According to McCardle, buy and hold is the standard investment strategy during a bull market. Active management during this type of market can disrupt a growth-oriented strategy. “But bear markets are more like heartbeat monitors: ups and downs,” he says. “They require an active allocation approach that includes more frequent interactions: selling on the ups and buying on the downs.”
The trick, he says, is to understand there can be opposite rallies within each type of market. For instance, he says bear markets historically last 18 to 21 years. But there are often bull rallies lasting two to four years within that bear market.
“It takes an advisor with a strong knowledge of market history and solid analytical skills to know when the tide will turn and to act accordingly,” McCardle says.
Earning Clients’ Trust Through Technology and Communication
McCardle credits the firm’s technical analysis for the fact that Summit clients weathered the turbulent markets of 2008 much better than average investors, many of whom lost nearly 50 percent of their investments. Summit leveraged its technical analysis to evaluate merits versus risks and, on average, its clients lost just 5 percent of their investments that year.

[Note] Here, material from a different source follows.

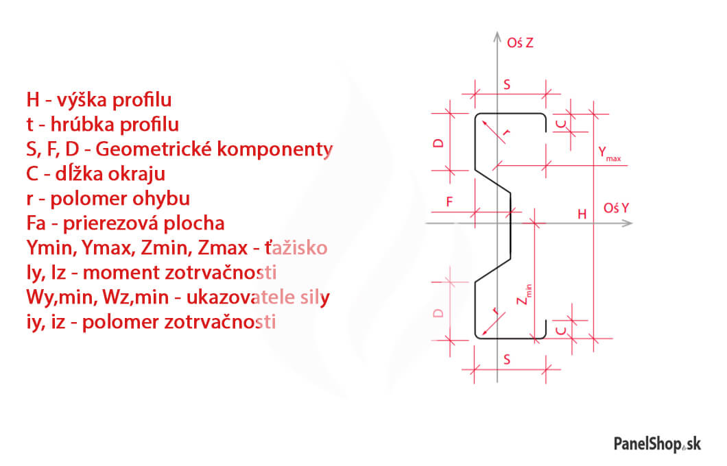 Dôležitý parameter pri výbere je výška H konštrukčného profilu a požadovaná hrúbka plechu, od týchto údajov sa odvíjajú ďalšie parametre (S1,C). Minimálna dĺžka je 1,5m a maximálna 16m.  Typ ocele je hlboko žiarom pozinkovaná oceľ S350GD+Z200 s medzou klzu 350 MPa a vrstvou zinku 275 g/m2.
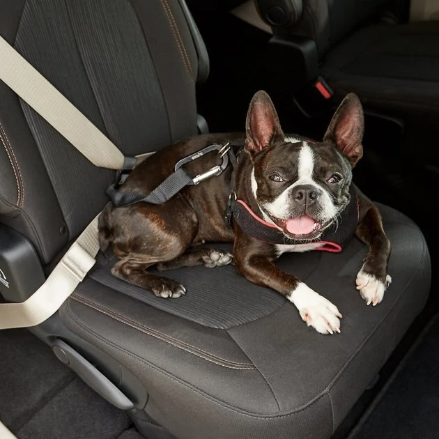 - Simple to install—just slip the seatbelt through the tether loop and connect the carabiner clip to your pooch’s harness to keep him in place.

“We take a comprehensive approach to examining market trends. Our indicators look at market sentiment over the short term and midterm and also examine a long-term global outlook to determine where we need to go with our investment strategies,” says McCardle.
The firm excels at communicating those strategies to its clients. “We have a high degree of touch and service,” he continues. “Clients can expect 51 to 75 points of contact with us over the course of a year. And what really sets us apart is that clients talk directly with their money manager. There’s no third-party salesman involved, which helps keep costs low.
“We take a very simple approach to client communication,” McCardle explains. “We believe in candor and in making complex ideas simple to understand. Our clients tell us they appreciate that we go out of our way to make sure we’re not confusing or overwhelming them with technical jargon, that we take an intimidating topic and make it understandable."